I thought I was mad as hell a few weeks ago. That was after reading about the $200 Billion the Fed was going to offer to Hedge Funds or anyone else willing to take the money and buy consumer debt with it while the Fed automatically was willing to take a 10% "haircut" on the deal assuming it would be lost up front. There were many reasons why this pissed me off.

Now I am madder! Reading an article in the Wall Street Journal today made me so mad I am not even finished reading it yet and I had to write this post.

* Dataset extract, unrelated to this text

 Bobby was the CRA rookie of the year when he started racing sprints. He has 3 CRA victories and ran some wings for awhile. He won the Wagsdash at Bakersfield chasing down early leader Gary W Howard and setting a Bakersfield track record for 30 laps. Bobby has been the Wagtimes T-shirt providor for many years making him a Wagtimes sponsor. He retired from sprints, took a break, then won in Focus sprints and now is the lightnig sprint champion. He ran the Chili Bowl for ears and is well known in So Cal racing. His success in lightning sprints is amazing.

I just got finished reading an article on Bloomberg about the incompetent SEC and their blatant and pointed failure to investigate short sellers or otherwise enforce any of the rules on the books with respect to short selling for years. It appears anyone with half a brain in the industry will tell you the shorts drove Bear and Lehman out of business. I mean this game has been going on for over a century. The fines that were levied were by the NYSE or the AMEX and who got the largest fine since July 2006 from the NYSE? None other than J.P. Morgan Securities. This is all old school BS from the Blue Blood firms on Wall Street who have been putting their competitors out of business when the opportunity arises for over a century.

Yea, that article did not piss me off so much because I have been writing for years how incompetent the SEC is / was / and will be for to long to be surprised or pissed off by anything those num-nuts did or did not do.

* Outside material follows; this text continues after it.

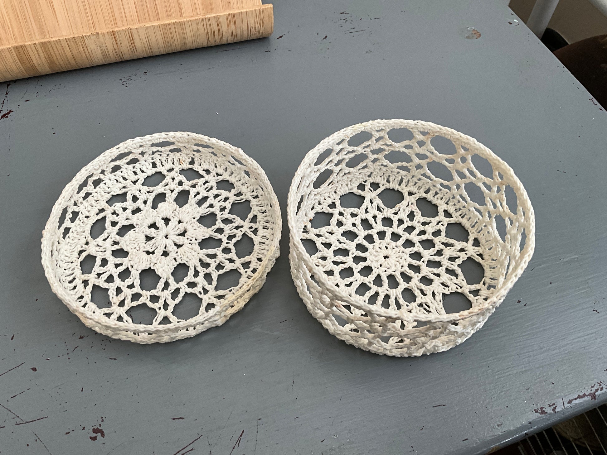 Wonderful white lace 3 inch hardened fabric jewelry/trinket basket with lid

But this WSJ article... That is a different story.

So we have this Geithner protégé of Paulson and his infinite wisdom of continuing the print money and bail out Wall Street mentality he was trained into talking about is brilliant scheme to pump over $1 Trillion of cash into the hands of hedge funds or whoever is willing to then buy debt with it. Yea, OK, so it is bad enough that the Treasury / Fed / Guaranteed debt program has practically BEEN the debt markets for going on 6 months now but now we are going to expand it for another 6-9 months only through the avenue of the unregulated markets.

Yea, that is what I said. We are asking the pigs in the unregulated markets to bail out the "shadow banking system" i.e.; the business model that you borrow money from the "markets" and lend it to consumers to buy shit when you are not a bank and are not regulated like the banking industry.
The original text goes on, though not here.